Alfred H. Miles, ed. The Sacred Poets of the Nineteenth Century. 1907.

By Paul Ferroll (1853). An Incident (From Chapter VII)

Caroline Clive (1801–1873)

  • “Do you remember as we went up the steep path to the inn, seeing an Englishwoman sitting just in the angle of one of the turns? The gardener’s wife who was sewing on the seat at the top, said the lady was lame, and she did not know how she had managed to get down there; but she had been sitting quite still on the same spot for an hour and a half, while her friends were in a boat on the bay.” “I recollect; the woman said she had three or four times peeped over the rock, but the lady always seemed contentissima, come se stesse in Paradiso.” “That’s the exact expression that struck me; it came into verse the other day. Read it, Janet.”

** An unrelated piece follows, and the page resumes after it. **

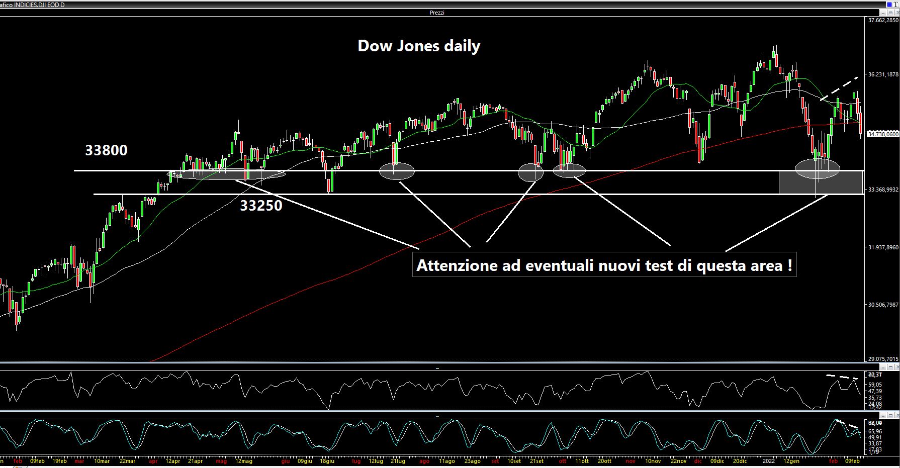 Sul Dow Jones i livelli "calamita" sono posti a 33800 e 33250 con qualche divergenza che si è formata sugli oscillatori nel corso dell'ultimo rimbalzo. Faccio poi notare che nell'ultima seduta settimanale l'indice ha nuovamente rotto al ribasso la media a 200 periodi che transita attorno a 35000 punti. Importante quindi che i valori tornino al di sopra di tale soglia per scongiurare un ulteriore affondo. Faccio poi notare che si sono create delle divergenze ribassiste tra oscillatori ed indice: a massimi crescenti dell'ultimo rimbalzo non sono seguiti massimi crescenti sugli oscillatori quindi c'è stata nel complesso una perdita di forza.

  • GAËTA’S orange groves were there,

    Half circling round the sun-kiss’d sea;

    And all were gone, and left the fair

    Rich garden-solitude to me.

    My feeble foot refused to tread

    The rugged pathway to the bay;

    Down the steep rock I saw them thread,

    And gain the boat and glide away.

    And then the thirst grew strong in me,

    To taste yet farther scenes so bright,—

    To do like those who wander’d free,

    And share their exquisite delight.

    With careful trouble then, and pain,

    I pass’d a little down the hill;

    Each step obtain’d was hard-earn’d gain,

    Each step before, seem’d distant still.

    But when I reach’d at last the trees

    Which see that lovely scene complete;

    I sat there all at peace and ease,

    A monarch of the mossy seat.

    Above me hung the golden glow

    Of fruit which is at one with flowers;

    Below me gleam’d the ocean flow,

    Like sapphires in the mid-day hours.

    A passing-by there was of wings;

    The silent, flower-like butterflies;

    The sudden beetle as it springs,

    Full of the life of southern skies.

    A sound there was of words afloat,

    Of sailors, and of children blent,

    At work and play beside a boat;

    Sounds which the distance mix’d and spent.

    A brooding silence too was there,

    Of mid-day, and a wide-stretch’d bound;

    And I sat still, with open ear,

    That drank the silence and the sound.

    It was an hour, of bliss to die;

    But not to sleep; for ever came

    The warm, thin air, and passing by

    Fann’d Sense, and Soul, and Heart to flame.

    The sight I saw that noontide, grew

    A portion of my mem’ry’s pride;

    And oh, how often I renew

    The beauty of the steep hill-side.

    It comes, when by the northern fire,

    I sit and shiver in its heat;

    While with vain longing I aspire,

    To rest upon my rocky seat.

    A longing, such, thou gracious land,

    As thou must ever leave on those

    Who bask on thy enchanted strand,

    And see thy heavenly shapes and hues.

    And if, methinks, to roam and climb,

    At my free will, to me were giv’n,

    O’er such a land, in such a clime,

    It would be, what will be, in heaven.